# input on best board for bombing runs



## Death (Oct 21, 2010)

This should be moved to the 'boards' section.

I would recommend the 2011 Capita Black Snowboard of Death, a great charging board that is not only limited to bombing, would be good off jumps and in the pipe. It won't be the overall fastest board or the stiffest but you need a bit of versatility, it's also a little bit pricey.


----------



## TLN (Sep 7, 2010)

w0318 said:


> hi there, i have a buddy who is toying with the idea to change his board. he is looking for the *lightest stiffest, and fastest* board so he can bomb his runs even faster.
> 
> He has research thoroughly but I am just see if you guys have some first hand experience.
> 
> ...


may be kessler board with catek fr2? or even with td2 and 4x4 plates? That'd be ultimate setup. 

If choose from what you listed, i'd go with Raptor (X for me). 
BTW. Look at Elan Vertigo. It got 1 titanal layer,(kessler BX board got two) and it it's stiff and light. and it feel very very solid. I gonna get this one, if local shop bring it here for a reasonable price.


----------



## w0318 (Jan 21, 2010)

thanks guys, i realized it was in the wrong section but i reported myself to get it moved.

Hopefully the mods will move it in the right section.
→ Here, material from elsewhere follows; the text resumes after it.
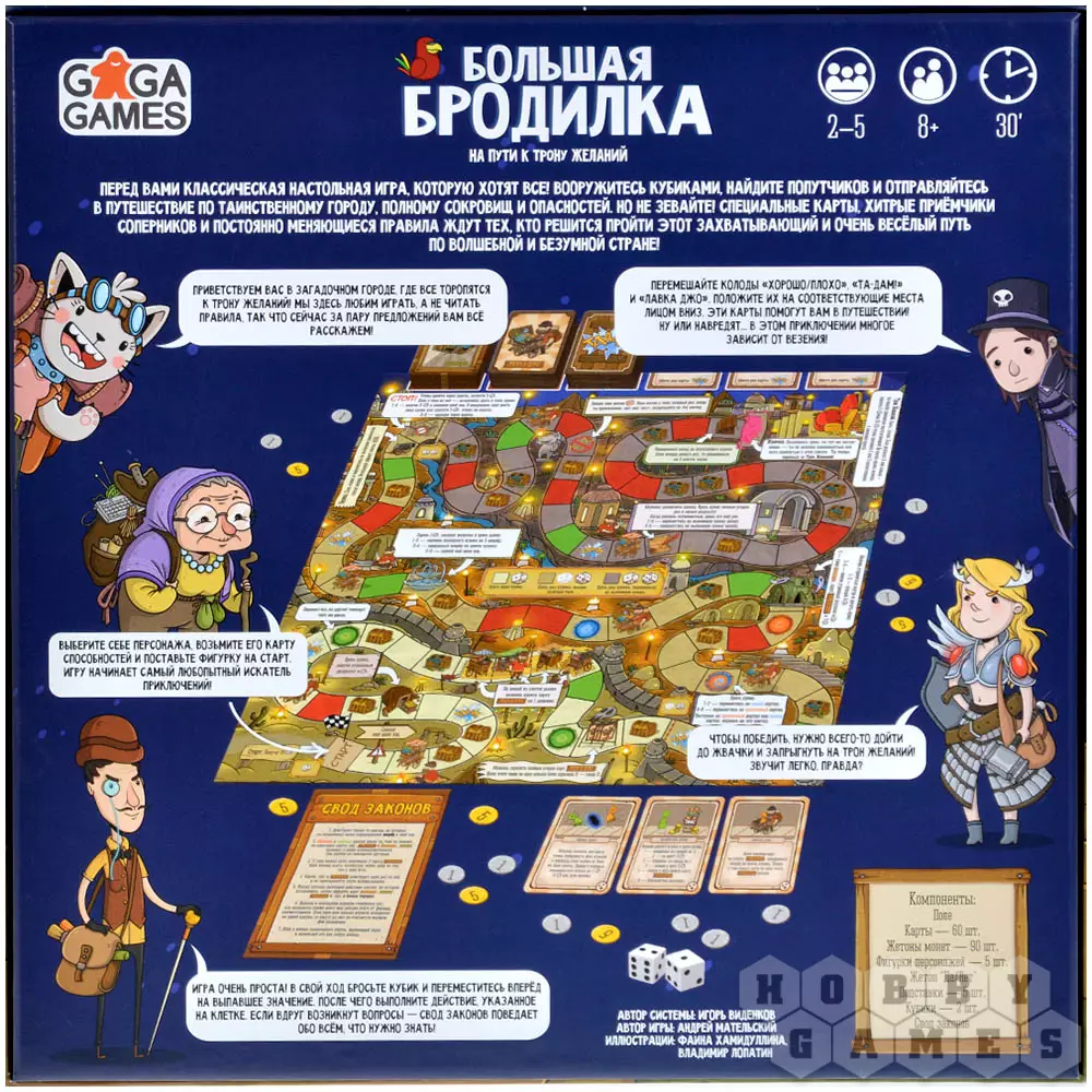 "На пути к трону желаний" – это новая самостоятельная часть знакомой многим настольной гонки "Большая бродилка"! Если вам наскучило вести своего персонажа одной и той же дорогой, а карточки из лавки Джо больше не удивляют, то эта коробка станет вашим спасением! Во-первых, в игре новая карта. Извилистый маршрут со своими ловушками и хитростями не даст вам заскучать. Во-вторых, в комплекте целая куча новых карт: сундуки, "Та-Дам" и "Лавка Джо" удивят и вас, и ваших оппонентов. И, в-третьих, у каждого героя теперь есть свои уникальные способности! Но самое главное, что при всех нововведениях игровой процесс остался всё таким же простым и весёлым! Отправьтесь в новое захватывающее приключение со своими друзьями!
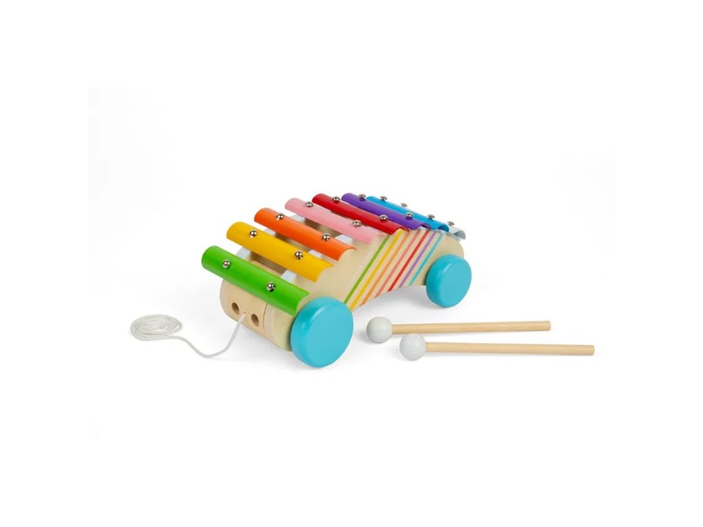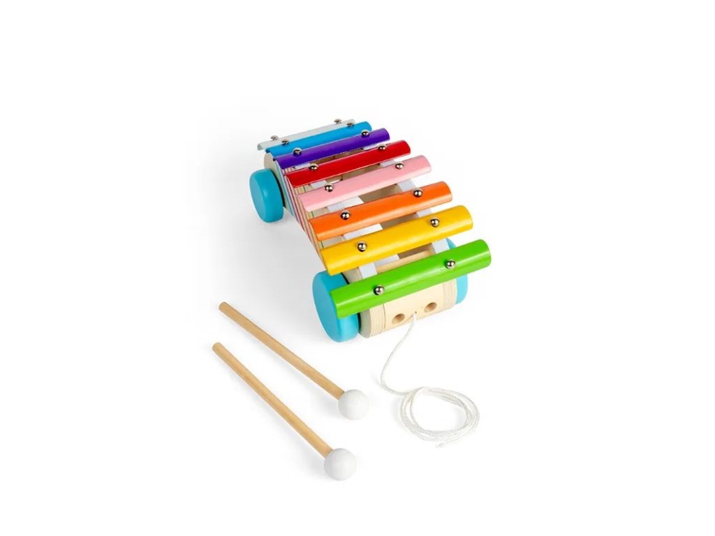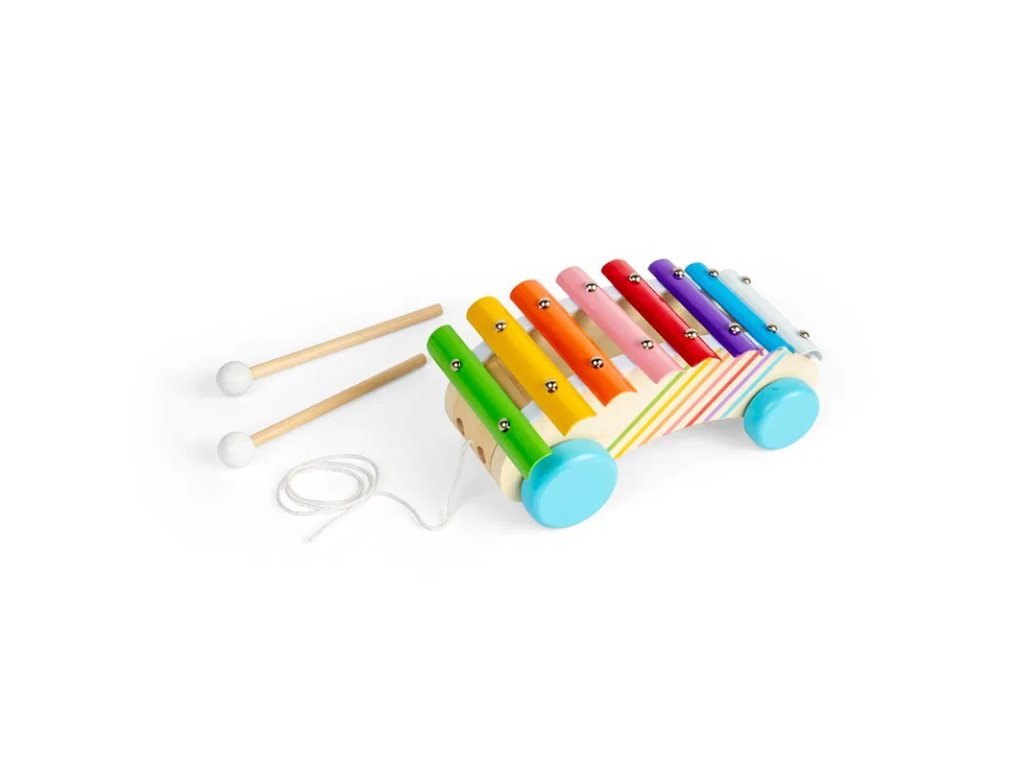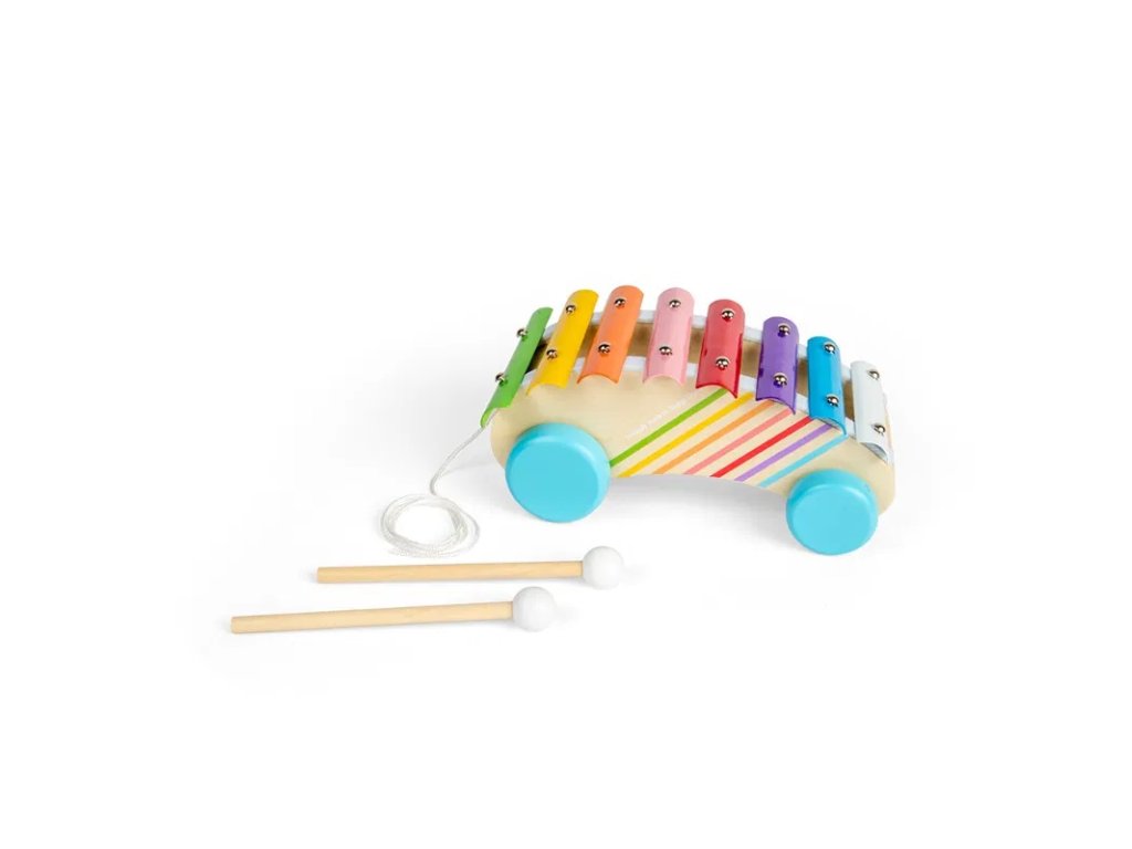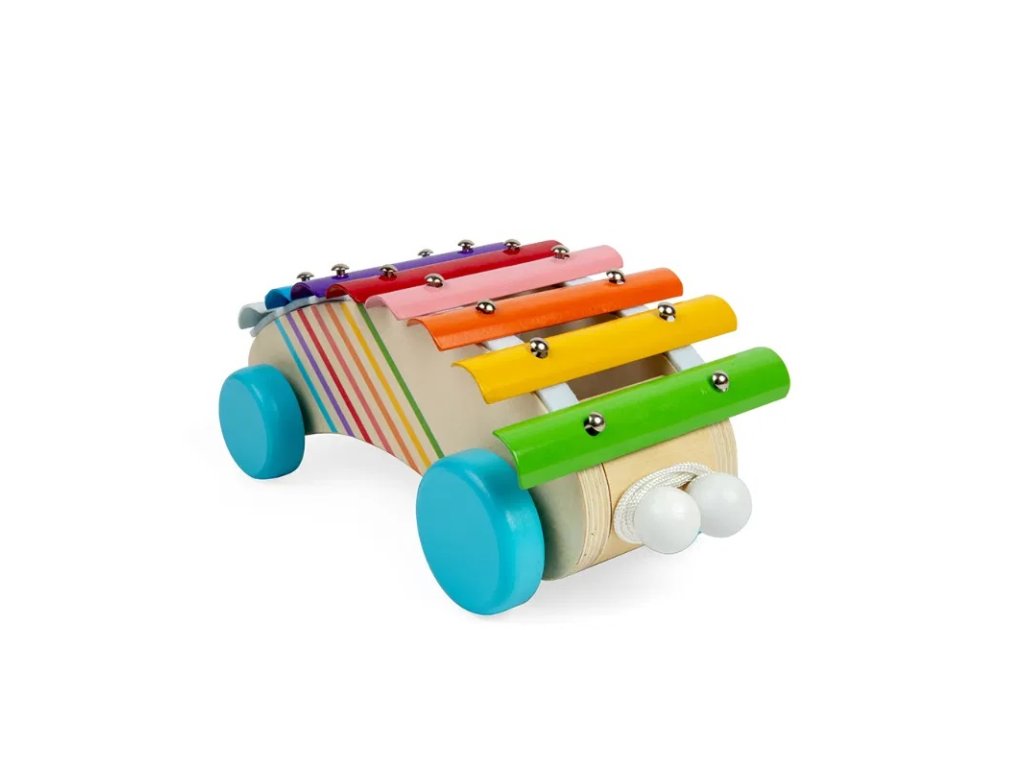Pochodujte do rytmu s tímto hravým xylofonem. 2 dřevěné paličky, 8 barevných kláves a 4 dřevěná kolečka umožňují dětem dělat hudbu kdekoliv, protože díky praktické šňůře slouží také jako tahací hračka. Díky tomuto nástroji může dítě objevovat své nadání. Hudební hračka je vhodná pro kognitivní a fyzický vývoj dětí. Údery do kláves a poslech veselých tónů, které vydávají, podpoří sluchové smysly a kreativitu dětí, zatímco prvek tahu posílí jejich jemnou i hrubou motoriku a koordinaci. Vyrobeno ze dřeva s certifikací FSC® a barveno netoxickými laky a barvami. Splňuje všechny aktuální evropské bezpečnostní normy. Nejedná se o hudební nástroj, ale pouze o hračku. Hlavní vlastnosti: tahací a hudební hračka v jednomskvělý úvod do světa hudbypodporuje kognitivní a fyzický vývojrozvíjí jemnou i hrubou motoriku Značka a certifikát FSC® (Forest Stewardship Council) zaručuje, že dřevo, ze kterého byl produkt vyroben, nebylo vytěženo nelegálně a pochází z lesů obhospodařovaných šetrným či přírodě blízkým způsobem, ve kterém jsou dodržovány přísné environmentální a sociální požadavky. Značka FSC® na výrobku znamená, že svým nákupem pomáháte chránit lesy a podporujete šetrné, odpovědné či přírodě blízké hospodaření, díky kterému jsou naše lesy stabilnější, zdravější, mají přirozenou druhovou skladbu a lépe odolávají negativním následkům klimatických změn.

yes my buddy has Caitek bindings currently. will check out the suggestions. 
those bordercross boards are serious stuff and not as versatile.


----------



## TLN (Sep 7, 2010)

w0318 said:


> thanks guys, i realized it was in the wrong section but i reported myself to get it moved.
> 
> Hopefully the mods will move it in the right section.
> 
> ...


well, if he got catek, i think he knows better what to get =) 
i'd stay on pure BX board. of freeride model from kessler. (or oxess)
imho: raptor X < vertigo < kessler


----------



## w0318 (Jan 21, 2010)

thanks TLN. naturally the BX board is the best fit but i guess hes curious if freeride boards offer similiar performance.

wow Raptor is having great feedback on its initial release year! i am a fellow EVO owner


----------



## poutanen (Dec 22, 2011)

Sorry to bring this back from the dead. I'm seriously considering getting a Kessler Ride to replace my Burton T7. Has anybody had actual experience on a Kessler? Obviously I want to think it through before dropping $1300 on the plank alone (and my C60 EST bindings would be useless unless I made a plate to attach them to the standard holes...).

Thanks in advance,
Aaron


----------



## KIRKRIDER (Mar 18, 2008)

Arbor A-Frame?


----------



## lonerider (Apr 10, 2009)

poutanen said:


> Sorry to bring this back from the dead. I'm seriously considering getting a Kessler Ride to replace my Burton T7. Has anybody had actual experience on a Kessler? Obviously I want to think it through before dropping $1300 on the plank alone (and my C60 EST bindings would be useless unless I made a plate to attach them to the standard holes...).
> 
> Thanks in advance,
> Aaron


I've ridden a Kessler alpine board with plate binding... that thing is a serious speed machine, it is FAST, it is DAMP, it has ridiculous edgehold - try asking on BOL as a bunch of people there have them. The last three Olympic gold and silver medalists were on Kesslers. 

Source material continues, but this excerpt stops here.